Die Nerazzurri, die in der Vergangenheit bei Rückständen im Viertelfinale gegen Bayern oder im Halbfinale gegen Barcelona stets schnell zurückkamen, wirkten diesmal wie gelähmt – eine Antwort blieb aus.

Viel schlimmer – es folgte der nächste Nackenschlag. Mit einem verzweifelten Einwurf in den Strafraum lud Dumfries die Truppe von Luis Enrique  förmlich ein. Thuram verlängerte per Kopf, doch Pacho schnappte sich den Ball noch knapp vor der Torauslinie. Die Franzosen schalteten sofort um: Keine zehn Sekunden nach Pachos Balleroberung  hatte Dembélé im Vier-gegen-Vier ein Auge für den freien Doué, der aus 14 Metern wuchtig mit rechts abzog. Pechvogel Dimarco wollte noch blocken, fälschte den Ball aber unhaltbar ins eigene Netz – 2:0 (21.) für PSG!

Franzosen mit klarer Dominanz

Statt eines packenden Final-Krimis zeigten die Franzosen in Halbzeit eins, wie man einen Gegner gnadenlos einschnürt und völlig verzweifelt in die Kabine schickt. Nach der kurzen Pause ging das Spektakel nahtlos weiter – Pariser Offensiv-Express statt Mailänder Espresso-Weckruf. Khvicha Kvaratskhelia schickte nur wenige Minuten nach Wiederanpfiff den nächsten Warnschuss auf die Reise und jagte den Ball aus sechs Metern nur knapp über die Latte (51.). PSG war dem dritten Tor meilenweit näher als Inter dem Anschlusstreffer.

Inter-Coach Simone Inzaghi wusste sich keinen Rat mehr. Der 51-Jährige tobte an der Seitenlinie – zu viel für den Schiedsrichter, der Inzaghi kurzerhand verwarnte. Einsatz an der Trainerbank fehlte nicht, doch alle Versuche, sein Team nochmal wachzurütteln, blieben erfolglos. Die Rouge-et-Bleu spielten die Nerazzurri weiter schwindlig. 

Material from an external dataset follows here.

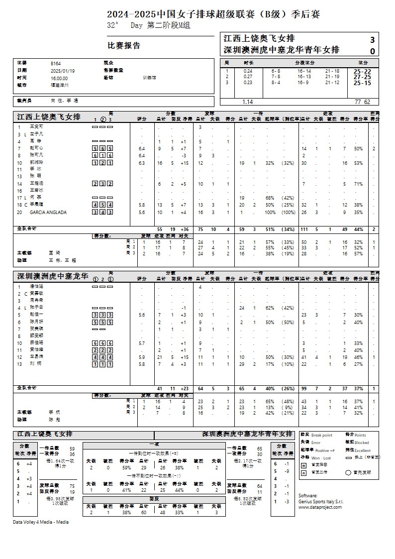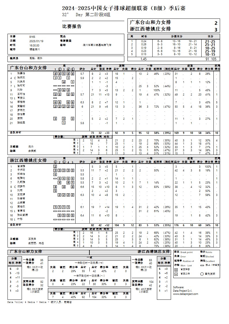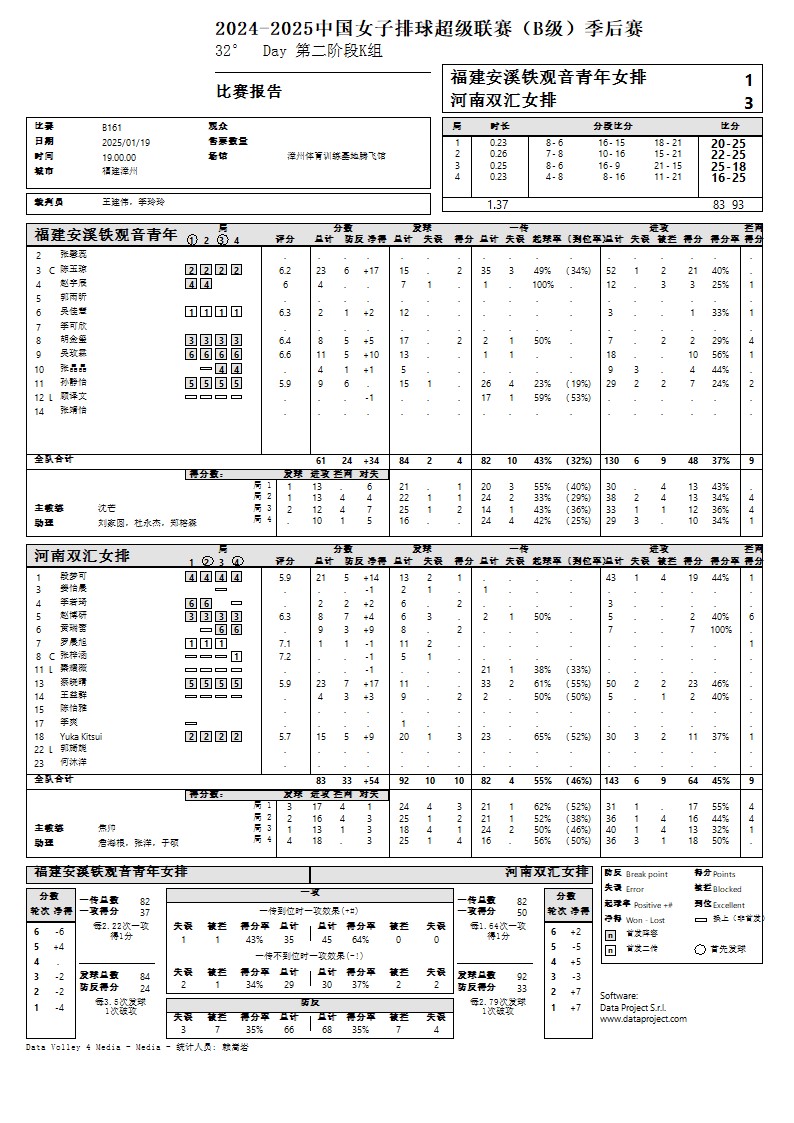 2024-2025中国女子排球超级联赛B级季后赛19号公告

Doué & Kvaratskhelia machten Deckel zu 

Die logische Konsequenz folgte in der 64. Minute: 3:0 durch Doppelpacker Doué! Der erst 19-jährige Youngster nutzte eine mustergültige Vorlage von Vitinha, die Dembélé mit einem Hacken-Trick einleitete. Aus 13 Metern zog der Stürmer sofort ab, traf den Ball dabei perfekt und ließ Keeper Sommer keine Chance.

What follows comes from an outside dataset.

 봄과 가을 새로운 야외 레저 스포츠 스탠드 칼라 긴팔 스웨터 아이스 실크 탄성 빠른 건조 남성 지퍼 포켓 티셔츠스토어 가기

Doch die französische Offensiv-Show war noch nicht zu Ende: Nach einem Ballgewinn im Zentrum schickte Dembélé Kvaratskhelia über links auf die Reise. Der Georgier war einfach zu schnell für Bastoni, zog in den Strafraum, vernaschte Goalie Donnarumma – und statt aufs lange Eck abzuschließen, donnerte er den Ball mit einem satten Linksschuss ins kurze Eck – 4:0 (73.)! 

Dicke Tränen der Enttäuschung kullerten bei den Italienern über die Wangen. Denn längst war klar: Nach der 1:0-Niederlage vor zwei Jahren gegen Manchester City wird das die zweite Endspiel-Klatsche in Folge. Bei PSG hingegen gab es kein halten mehr. Der Traum vom ersten Champions-League-Triumph ist endlich war geworden. Mayulu sorgte dann in Minute 86 noch für den höchsten Final-Sieg in der Champions-League-Geschichte.